Work task:
Exactly the lines below, starting with the one containing "Fot. A. Wróblewska / UM Radom" and going on through the one containing "Figura 10 Edificio", must be reproduced, both ends included, and no pictures with them.

[Stored data]
_ _ _ _

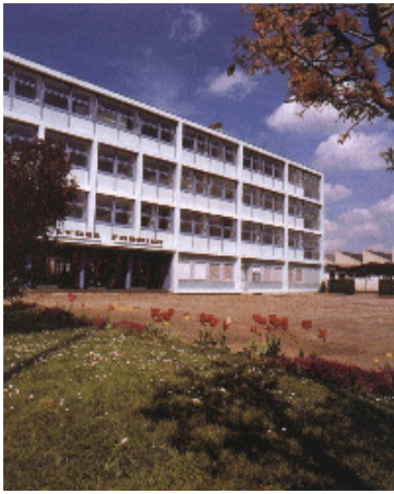
LYCEE JOSEPH FOURIER
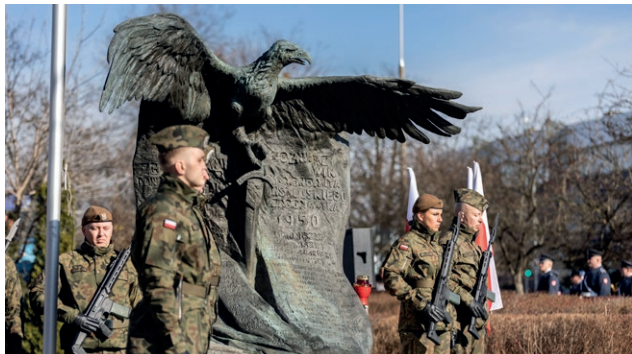
Fot. A. Wróblewska / UM Radom
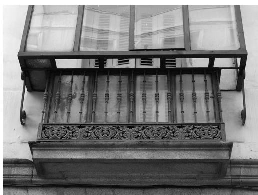
Figura 10 Edificio de vivienda colectiva en la Cuesta de Santo Domingo 3 de Madrid, 1852. Arquitecto Wenceslao Gaviña

bien puede estar constituido por piezas insertadas entre barrote y barrote o bien puede tener entidad propia apoyando sobre esta los barrotes de sección circular o cuadrada. La primera decoración descrita está sujeta por alambres (figura 8) o abrazaderas, e incluso puede existir un zócalo, superpuesto a los barrotes, sujeto con abrazaderas (figura 9).
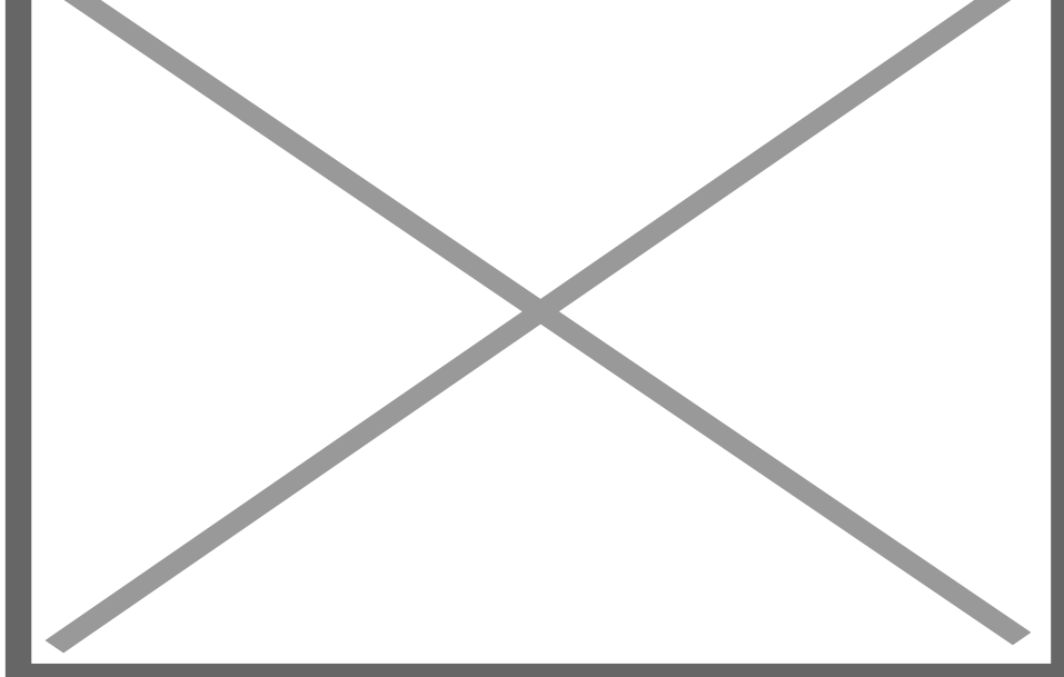
Gác chuông chùa

Quỳnh Lâm (Quảng Ninh)[/caption]
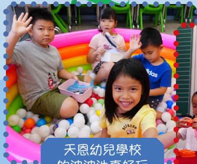
天恩幼兒學校 的波波池真好玩
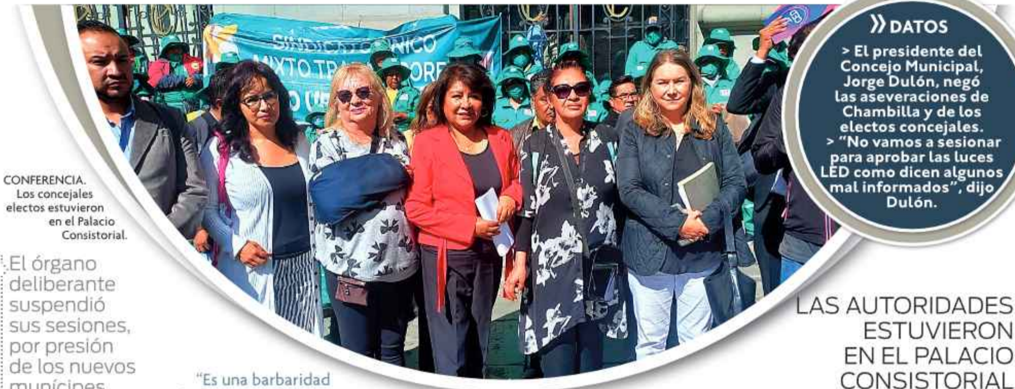
CONFERENCIA. Los concejales electos estuvieron en el Palacio Consistorial.

El órgano deliberante suspendió sus sesiones, por presión de los nuevos municipales.
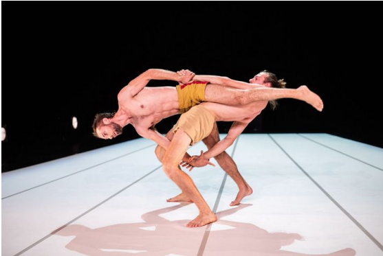
Through the Grapevine , Compagnie Not Standing, 2020
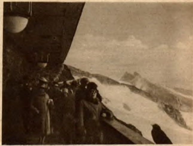
„Gospoda góraska“ w „Jungfraujoch“ (3457 m.).
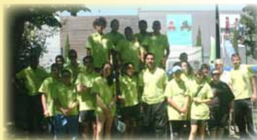
Journée des Jeunes Arbitres et Officiels Edition 2012

Toutes les photos sur notre site www.crosprovencealpes.com
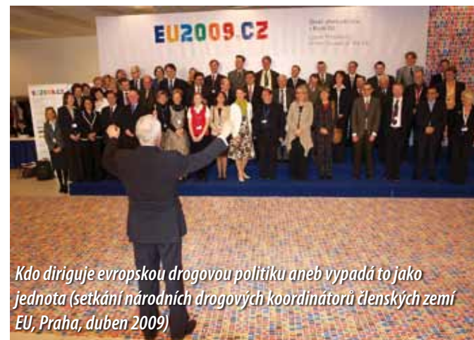
Kdo diriguje evropskou drogovou politiku aneb vypadá to jako jednota (setkání národních drogových koordinátorů členských zemí EU, Praha, duben 2009)

ale situace v EU je podstatně lepší než počátkem 90. let a je nesrovnatelná s jinými částmi světa.
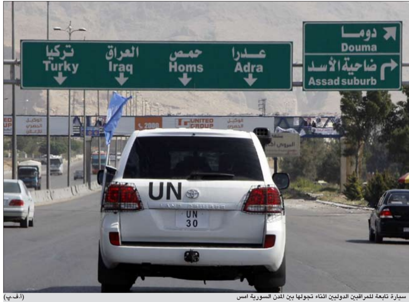
سيارة تابعة للمراقبين الدوليين أثناء تجولها بين المدن السورية أمس

وفي محافظة دير الزور (شرق)، قتل عدد من المواطنين اثر اطلاق نار من رشاشات ثقيلة وسقوط قذائف هاون على قرية موحسن من قبل القوات النظامية التي تحاول اقتحامها. بحسب المرصد. وشهدت مناطق في درعا (جنوب) انتشارا أمنيا كثيفا فيما سمعت اصوات اطلاق نار كثيف من الرشاشات الثقيلة في مدينة داعل، وفقا للجان التنسيق. من جهة أخرى، قالت وكالة سانا السورية الرسمية ان «مجموعات إرهابية مسلحة» قتلت مدير مدرسة في حلب بتفجير سيارته «في إطار استفادتها للكفالات الوطنية». وقالت أيضا ان «مجموعات إرهابية مسلحة» قتلت اربعة مواطنين من عائلة واحدة في عربين بريف دمشق. بدوره اتهم وزير الإعلام السوري عدنان محمود أمس «المجموعات الإرهابية المسلحة» بارتكاب أكثر من 1300 خرق لوقف إطلاق النار الذي دخل حيز التنفيذ في الثاني عشر من أبريل. إلى ذلك، اتهمت وزارة الخارجية الروسية المعارضة السورية أمس باللجوء إلى «تكتيك الإرهاب» الذي يذكر بالوسائل التي تستخدمها القاعدة، واعتبرت المعارضة مسؤولين عن القسمة الأكبر من انتهاكات وقف إطلاق النار. وقال الناطق باسم الوزارة
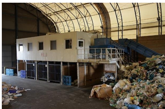
Obr. 5. – Triediaca linka

Druhotné suroviny sú v zariadeniach triedené na triediacich linkách a spracovávané v lisovacích zariadeniach, hlavne v kontinuálnych kanálových lisoch a expedované do recyklačných zariadení ako sú papierne, sklárne a k spracovateľom plastov.
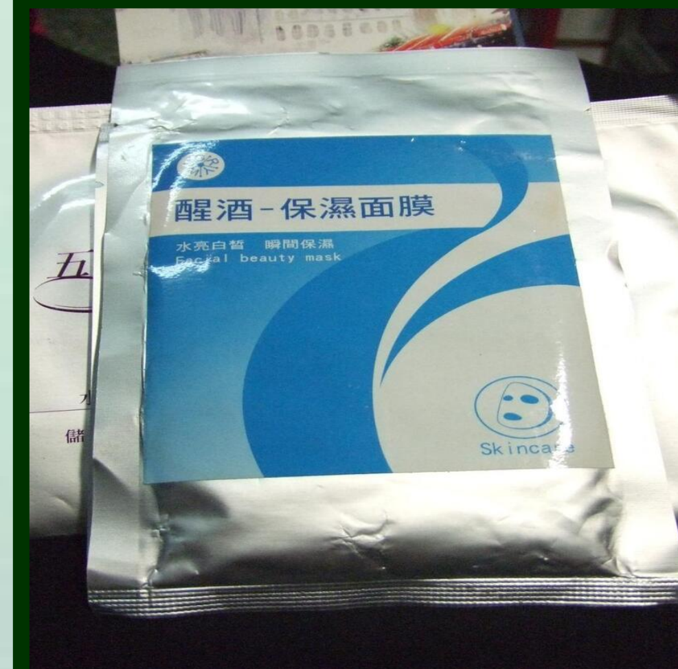
藍海寰宇生技面膜
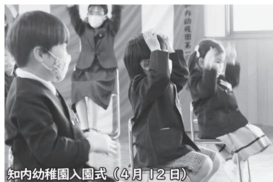
知内幼稚園入園式(4月12日)

令和3年広報しりうち4月号P26記載の求人情報について、上記事業所の賃金欄に誤りがありましたので、お詫びして訂正いたします。
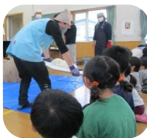
つきたての「おもち」を見せてもらいました。

オヤジの会のお父さん方と一緒にきねを持っておもちをついたり、松組のお母さん方と一緒にできたてのおもちを丸めたりして、昔ながらの伝統行事に親しみ、おもちの感触やできあがるまでの工程と一緒に楽しみました。昨年できなかった分も、元気に「よいしょ〜!」威勢のいい掛け声に、寒さも吹き飛ばす楽しい一日になりました。
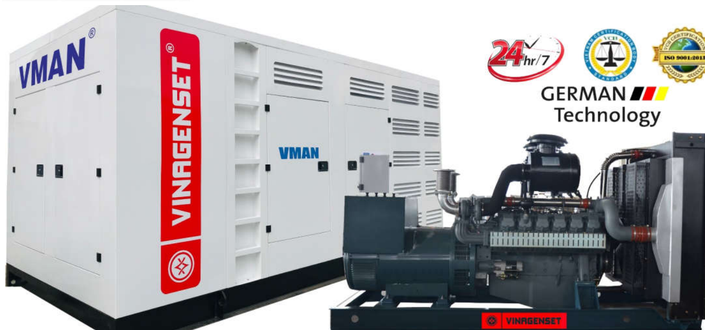
(Hình ảnh tham khảo)
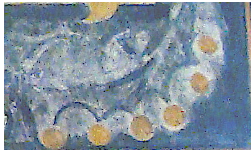
Fig. 1. Château de Montaigne, cabinet, décor au-dessus de la porte (détail).

Le dessus de porte contenant la célèbre inscription de la « retraite au sein des doctes muses » est encadré d'un décor étrange : en bas à droite, une forme indéfinissable, peut-être repeinte avec ses points orange, et dont l'identification varie d'un spectateur à l'autre, s'apparentant ainsi à un test de Rorschach (Fig. 1).
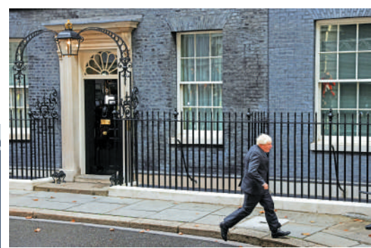
▲約翰遜6日發表告別演講後離開唐寧街。路透社

【大公報訊】綜合路透社、《衛報》報導: 約翰遜6日在唐寧街10號門前發表了他作為英國首相的最後一次演講。英媒分析指, 他多次暗示自己有意重返政壇。約翰遜6日向英國女王伊麗莎白二世正式遞交辭呈之前發表了告別演講, 大肆吹噓自己過去
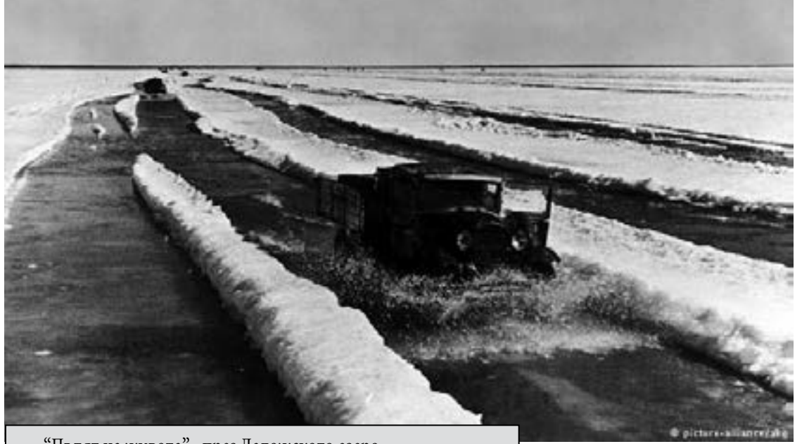
„Пътят на живота“ - през Ладожкото езеро

Въпреки разпространеното в Германия в продължение на десетилетия мнение, на Ленинград не би му се получило да избегне съдбата си чрез капитулация. Заповедта на командването на Група армии „Север“ от 28 септември 1941 година е било недвусмислено: „Да не се настоява за капитулация“. По този начин, съдбата на огромния град е предредена.

_ _ _ _

Result for this exercise:
Fot. A. Wróblewska / UM Radom
Figura 10 Edificio de vivienda colectiva en la Cuesta de Santo Domingo 3 de Madrid, 1852. Arquitecto Wenceslao Gaviña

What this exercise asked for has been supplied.